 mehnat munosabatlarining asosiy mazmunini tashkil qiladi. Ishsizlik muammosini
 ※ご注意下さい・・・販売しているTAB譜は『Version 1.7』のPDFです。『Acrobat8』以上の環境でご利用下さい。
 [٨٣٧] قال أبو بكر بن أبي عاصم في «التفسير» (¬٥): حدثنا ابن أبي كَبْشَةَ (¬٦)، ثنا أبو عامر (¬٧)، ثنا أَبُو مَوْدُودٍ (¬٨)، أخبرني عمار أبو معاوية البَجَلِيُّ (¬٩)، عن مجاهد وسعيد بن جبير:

====================

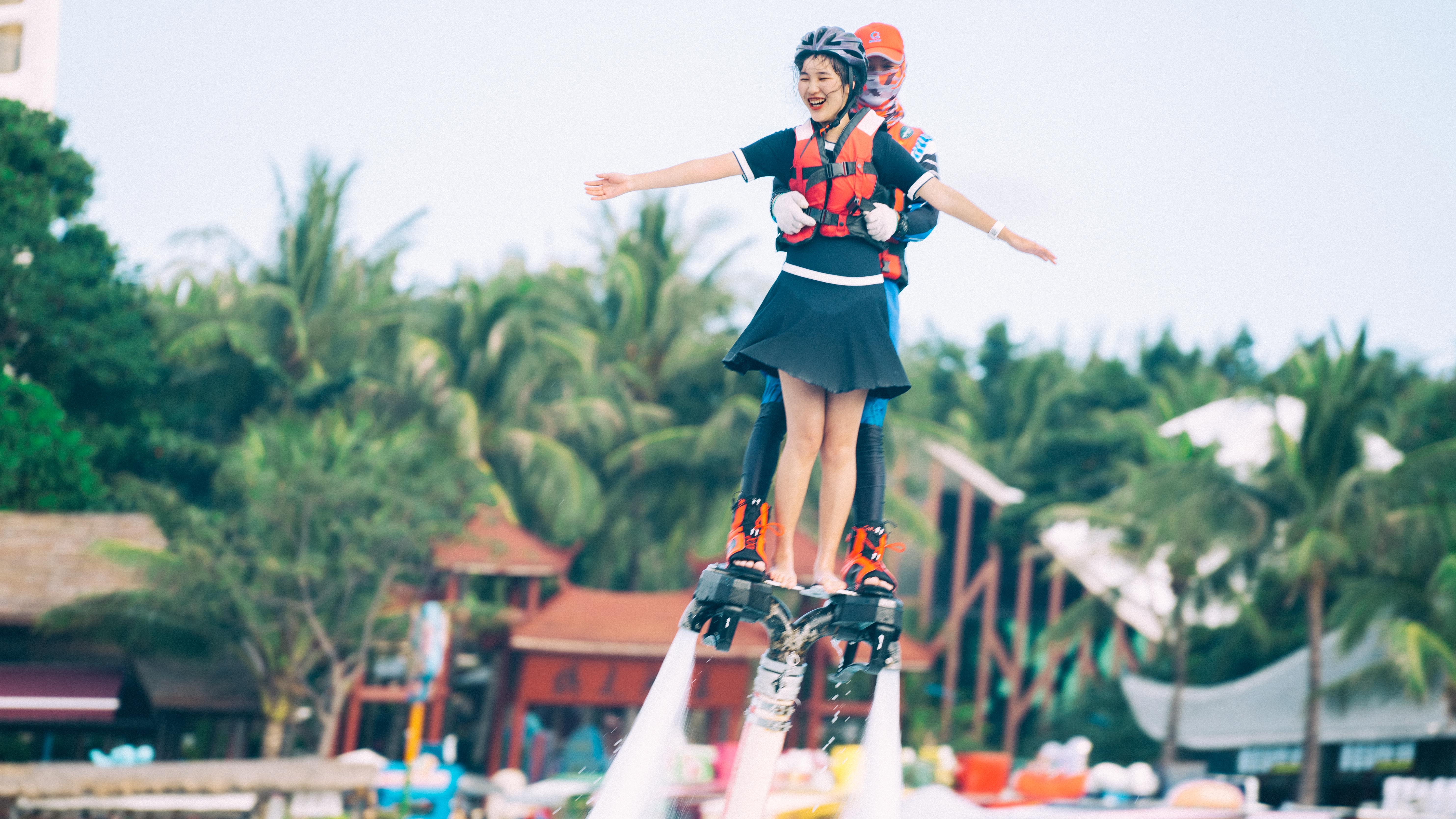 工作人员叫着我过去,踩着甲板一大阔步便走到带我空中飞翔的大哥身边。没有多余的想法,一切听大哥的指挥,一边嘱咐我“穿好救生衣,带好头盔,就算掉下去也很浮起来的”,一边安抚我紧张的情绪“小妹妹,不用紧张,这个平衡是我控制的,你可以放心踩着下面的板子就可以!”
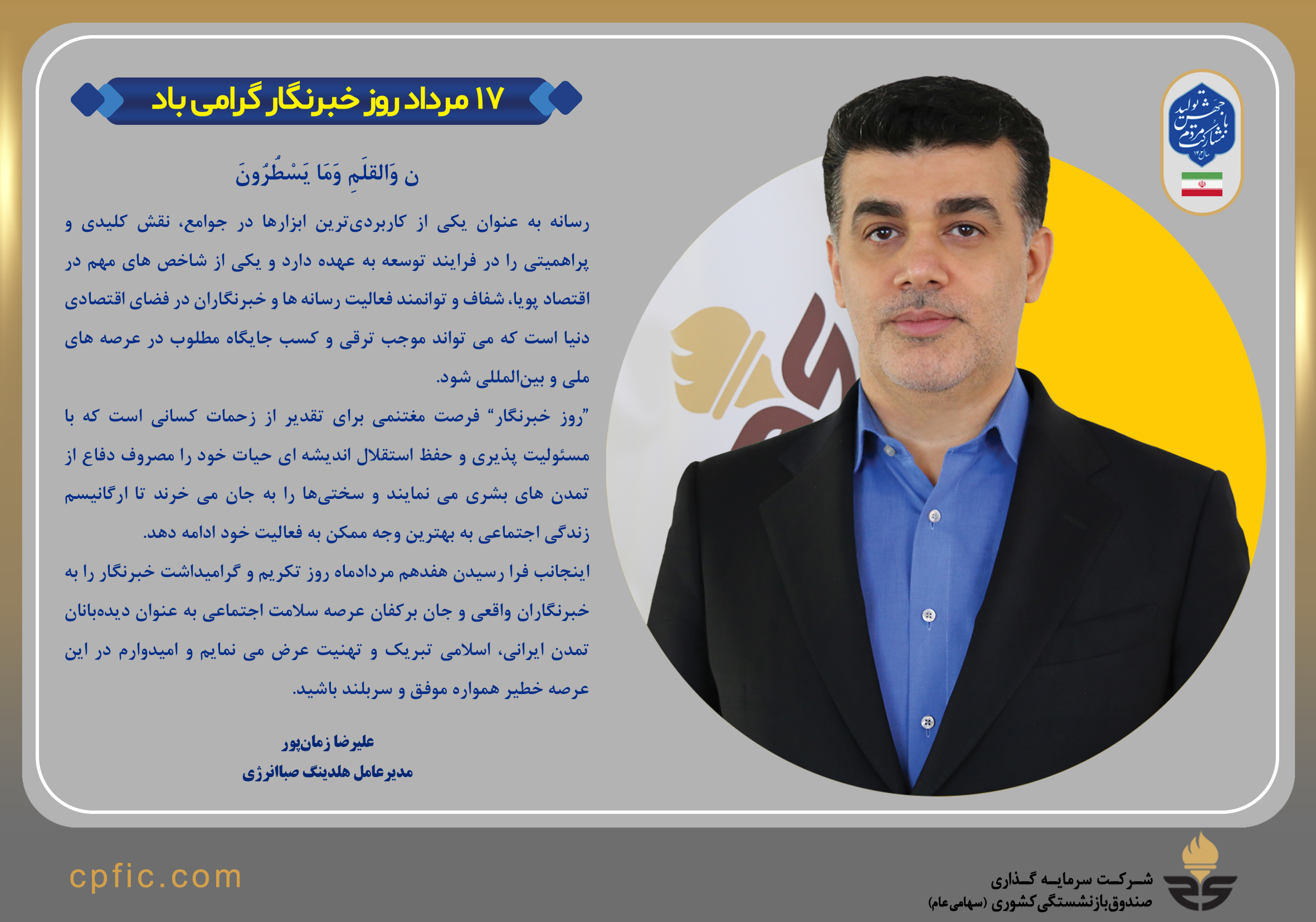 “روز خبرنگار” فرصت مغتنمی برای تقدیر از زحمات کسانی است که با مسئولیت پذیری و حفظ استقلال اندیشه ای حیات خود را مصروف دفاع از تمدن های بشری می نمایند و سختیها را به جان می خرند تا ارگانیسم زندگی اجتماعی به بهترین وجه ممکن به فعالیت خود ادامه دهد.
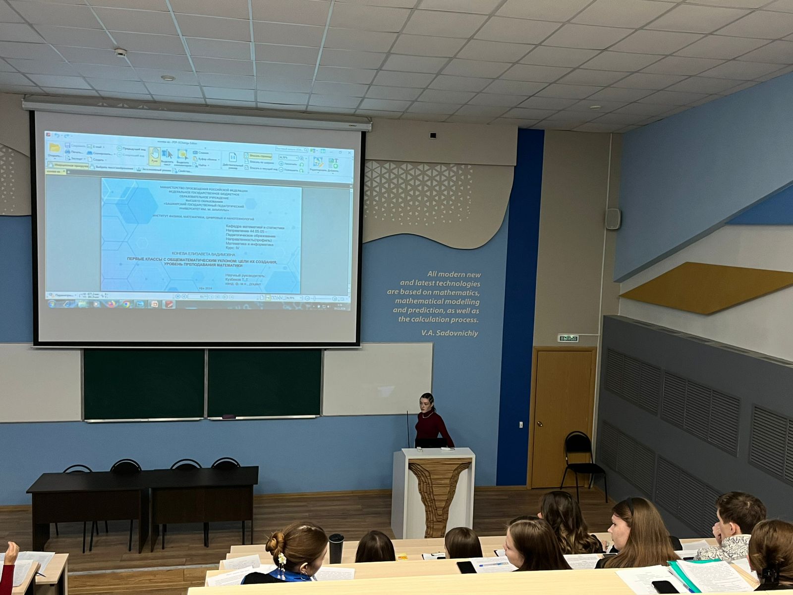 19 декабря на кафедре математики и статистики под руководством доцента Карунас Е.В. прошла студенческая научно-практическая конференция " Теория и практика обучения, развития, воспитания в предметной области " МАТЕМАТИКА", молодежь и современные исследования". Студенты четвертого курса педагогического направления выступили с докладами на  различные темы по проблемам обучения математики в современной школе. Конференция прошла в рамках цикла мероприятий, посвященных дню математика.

====================

◆ **What is being asked**
Look back at the entries above. Retype the line with "mehnat munosabatlarining asosiy", the line with "[٨٣٧] قال أبو", and all lines in between.

◆ **Exercise response**
 mehnat munosabatlarining asosiy mazmunini tashkil qiladi. Ishsizlik muammosini
 ※ご注意下さい・・・販売しているTAB譜は『Version 1.7』のPDFです。『Acrobat8』以上の環境でご利用下さい。
 [٨٣٧] قال أبو بكر بن أبي عاصم في «التفسير» (¬٥): حدثنا ابن أبي كَبْشَةَ (¬٦)، ثنا أبو عامر (¬٧)، ثنا أَبُو مَوْدُودٍ (¬٨)، أخبرني عمار أبو معاوية البَجَلِيُّ (¬٩)، عن مجاهد وسعيد بن جبير:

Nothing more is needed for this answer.